LLM02:2025 - Sensitive Information Disclosure

Frequently Asked Questions

What is CVE-2025-46722?

If your organization runs vLLM for multimodal LLM inference (vision models), upgrade to 0.9.0 immediately. Crafted images can collide in the multimodal cache, causing inference results intended for one user to be silently returned to another — a cross-tenant data leakage risk requiring no authentication. A patch is available and there are no known workarounds short of disabling multimodal caching.

Is CVE-2025-46722 actively exploited?

No confirmed active exploitation of CVE-2025-46722 has been reported, but organizations should still patch proactively.

How to fix CVE-2025-46722?

1. Upgrade vLLM to >= 0.9.0 immediately — patch is in commit 99404f53. 2. Verify current version: `pip show vllm`; any 0.7.0–0.8.x is vulnerable. 3. If immediate upgrade is blocked, disable multimodal prefix caching in vLLM configuration (--disable-prefix-caching flag) as a temporary workaround. 4. In multi-tenant deployments, implement per-tenant cache namespace isolation at the application layer until patched. 5. Review inference logs for anomalous cache hit rates on multimodal endpoints as a post-hoc indicator of exploitation. 6. If running vLLM behind an API gateway, consider adding request fingerprinting that includes image dimensions as a compensating control.

What systems are affected by CVE-2025-46722?

This vulnerability affects the following AI/ML architecture patterns: Multimodal inference serving, Vision-language model deployments, Multi-tenant LLM APIs, LLM serving infrastructure.

What is the CVSS score for CVE-2025-46722?

CVE-2025-46722 has a CVSS v3.1 base score of 7.3 (HIGH).
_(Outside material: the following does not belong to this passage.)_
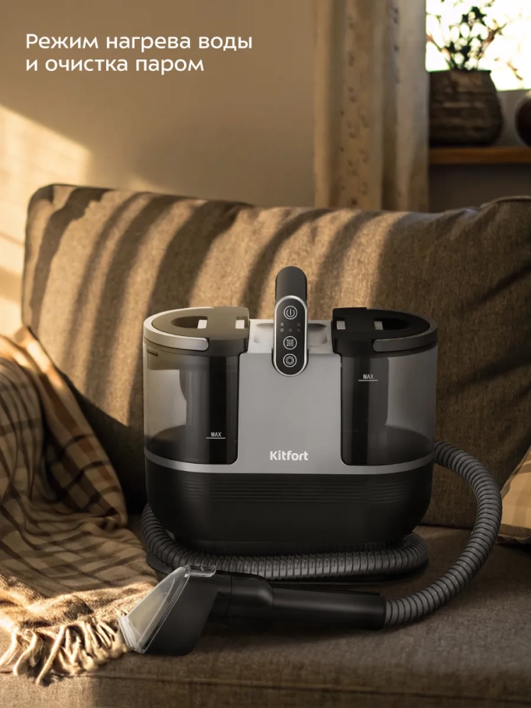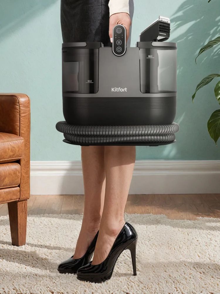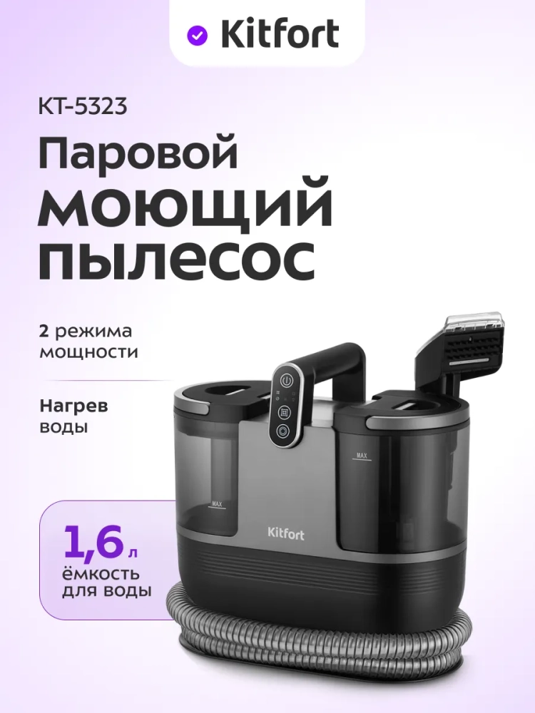 Паровой моющий пылесос для ковров и мягкой мебели Kitfort KT-5323 поможет очистить обивку дивана, кресел, сидений в машине и другой мягкой мебели, а также ковры и ковровые покрытия. Пылесос автоматически подает чистую воду или пар на очищаемую поверхность, а затем всасывает воду с пылью и другими загрязнениями. Пыль и грязь оседают в воде, в резервуаре для грязной воды. В резервуар для чистой воды добавляют воду, для доочистки воды в нем предусмотрен фильтр. Фильтр для воды предотвращает попадание крупных частиц в патрубки, помпу и нагревательный элемент. В резервуаре для грязной воды предусмотрен поплавок, который по мере наполнения резервуара поднимается. Когда резервуар для грязной воды будет наполнен выше максимально допустимого уровня, пылесос отключится и защитит двигатель от попадания влаги.

The EPSS exploitation probability is 0.23%.

Technical Details

NVD Description

vLLM is an inference and serving engine for large language models (LLMs). In versions starting from 0.7.0 to before 0.9.0, in the file vllm/multimodal/hasher.py, the MultiModalHasher class has a security and data integrity issue in its image hashing method. Currently, it serializes PIL.Image.Image objects using only obj.tobytes(), which returns only the raw pixel data, without including metadata such as the image’s shape (width, height, mode). As a result, two images of different sizes (e.g., 30x100 and 100x30) with the same pixel byte sequence could generate the same hash value. This may lead to hash collisions, incorrect cache hits, and even data leakage or security risks. This issue has been patched in version 0.9.0.

Exploitation Scenario

An adversary with access to a multi-tenant vLLM multimodal API submits a 100x30 image with specific pixel data. If a prior user's 30x100 image produced identical raw bytes, the attacker receives that cached inference result — potentially revealing the prior user's prompt context, processed image interpretation, or model output. In a production API serving multiple tenants, the attacker systematically probes with geometrically transposed versions of common images (landscape vs portrait variants of known content), fishing for hash collisions that surface other tenants' inference results. No authentication bypass, elevated privileges, or specialized AI knowledge is required — only knowledge of the bug and basic image manipulation tooling.